Figure 7 shows sampled CSARs generated from the collected data during the experiments. The video scene is a rectangle area of 704-by-576 which corresponds to the camera resolution. As we can see, the sampled CASRs apparently are quite different at different positions. When the human walks throughout the video scene, the CSAR table is calculated by bicubic interpolation of the sampled CSARs around the pixels.

Fig. 7
figure 7

The sampled CSAR

5.3 Bicubic interpolation of the CSAR

The bicubic interpolation is one of the most commonly used interpolation methods in three-dimensional space. The algorithm interpolates the value of 16 points around the sample point, as shown in Fig. 8, which means it not only considers the influence of 4 directly adjacent points but also the changing rate of values between neighboring points.

Fig. 8
figure 8

Bicubic interpolation of CSAR

In Fig. 8, P(i) ∣ i = 0, 1, …, 15} are known points where the coordinates of the point P(5) are (0, 0). For the sake of convenience, four adjacent points are considered as a unit square, e.g. P(5):(0,0), P(6):(1,0), P(9):(0,1) and P(10):(1,1). Suppose the values f(x, y) and the derivatives fx(x, y), fy(x, y), fxy(x, y) are known at the four corners of this unit square. The interpolated table can be represented by

$$ f\left(x,y\right)=\sum \limits_{i=1}^3\sum \limits_{j=0}^3{a}_{ij}{x}^i{y}^i $$
(9)

The first-order partial derivatives are computed by

$$ {f}_x\left(x,y\right)=\sum \limits_{i=0}^3\sum \limits_{j=0}^3i{a}_{ij}{x}^{i-1}{y}^j $$
(10)
$$ {f}_y\left(x,y\right)=\sum \limits_{i=0}^3\sum \limits_{j=0}^3j{a}_{ij}{x}^i{y}^{j-1} $$
(11)

The second-order partial derivative is computed by

$$ {f}_{xy}\left(x,y\right)=\sum \limits_{i=0}^3\sum \limits_{j=0}^3 ij{a}_{ij}{x}^{i-1}{y}^{j-1} $$
(12)

Applying the f(x, y), fx(x, y), fy(x, y), fxy(x, y) of P(5), P(6), P(9) and P(10) to Eq. (9), Eq. (10), Eq. (11) and Eq. (12), respectively, there are 16 linear equations. In Eq. (9), there are 16 unknown coefficients which can be determined by

$$ \left[\begin{array}{llll}{a}_{00}& {a}_{01}& {a}_{02}& {a}_{03}\\ {}{a}_{10}& {a}_{11}& {a}_{12}& {a}_{13}\\ {}{a}_{20}& {a}_{12}& {a}_{22}& {a}_{23}\\ {}{a}_{30}& {a}_{31}& {a}_{32}& {a}_{33}\end{array}\right]=\left[\begin{array}{llll}1& 0& 0& 0\\ {}0& 0& 1& 0\\ {}-3& 3& -2& -1\\ {}2& -2& 1& 1\end{array}\right]\left[\begin{array}{llll}f\left(0,0\right)& f\left(0,1\right)& {f}_y\left(0,0\right)& {f}_y\left(0,1\right)\\ {}f\left(1,0\right)& f\left(1,1\right)& {f}_y\left(1,0\right)& {f}_y\left(1,1\right)\\ {}{f}_x\left(0,0\right)& {f}_x\left(0,1\right)& {f}_{xy}\left(0,0\right)& {f}_{xy}\left(0,1\right)\\ {}{f}_x\left(1,0\right)& {f}_x\left(1,1\right)& {f}_{xy}\left(1,0\right)& {f}_{xy}\left(1,1\right)\end{array}\right]\left[\begin{array}{llll}1& 0& -3& 2\\ {}0& 0& 3& -2\\ {}0& 1& -2& 1\\ {}0& 0& -1& 1\end{array}\right] $$
(13)

Finite difference is applied to computing the derivatives fx(x, y), fy(x, y), fxy(x, y) by Eq. (14) to (16).

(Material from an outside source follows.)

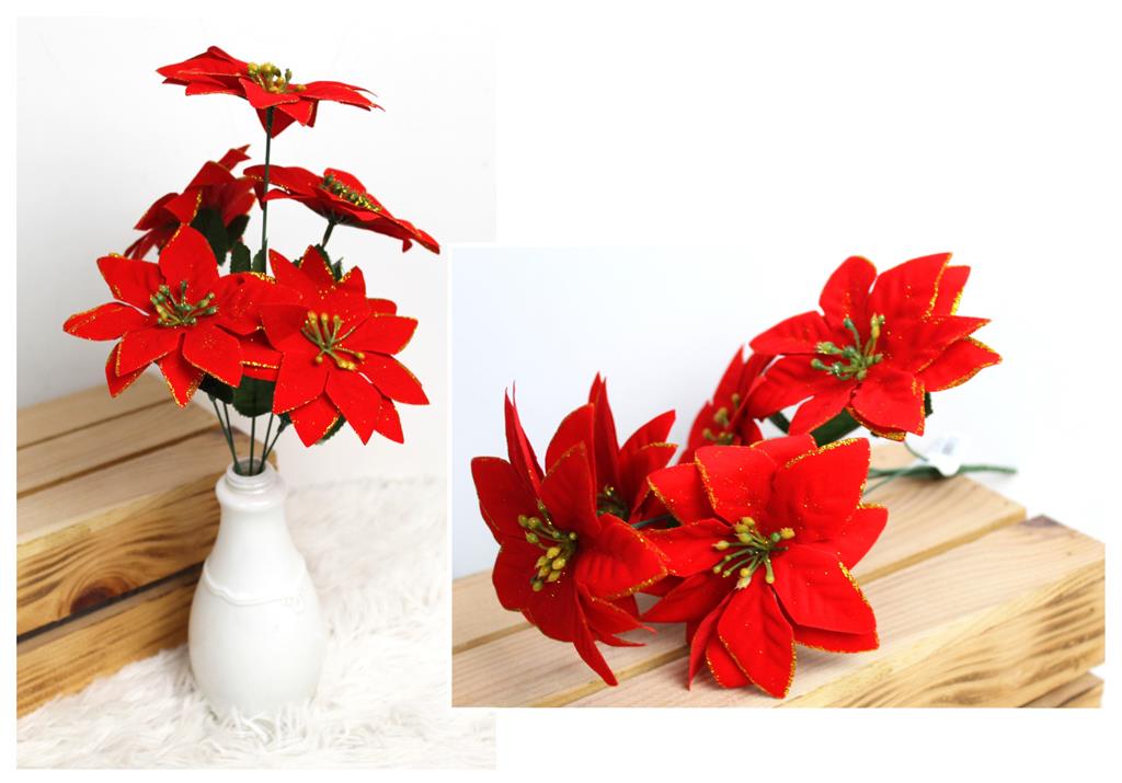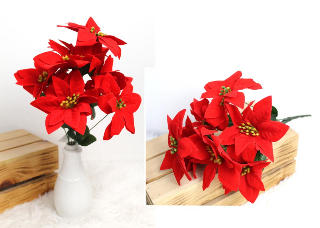Bukiet Gwiazda Betlejemska POINSECJA 7 kwiatów (wys. 35 cm, kwiat 13 cm) CZERWONA welur

$$ {f}_x\left(x,y\right)=\frac{f\left(x+1,y\right)-f\left(x-1,y\right)}{2} $$
(14)
$$ {f}_y\left(x,y\right)=\frac{f\left(x,y+1\right)-f\left(x,y-1\right)}{2} $$
(15)
$$ {f}_{xy}\left(x,y\right)=\frac{1}{8}\left(f\left(x+1,y+1\right)-f\left(x-1,y+1\right)-f\left(x+1,y-1\right)+f\left(x-1,y-1\right)\right) $$
(16)

5.4 Fall detection

The process of our proposed fall detection method is given in Fig. 9. After the human body is detected and tracked, the actual SAR is computed. The calibrated shape aspect ratio (CSAR) is indexed by the position of tracked human body. Then, the NSAR is calculated as the actual SAR divided by the CSAR.

$$ NSAR=\frac{SAR}{CSAR} $$
(17)
Fig. 9
figure 9

The process of fall detection

Another parameter multi-frame geometric mean ratio (MGMR) is introduced to smooth the curve of the NSAR over time. If both NSAR and MGMR are bigger than a threshold Tmax or smaller than a threshold Tmin, the human body will be judged as fall.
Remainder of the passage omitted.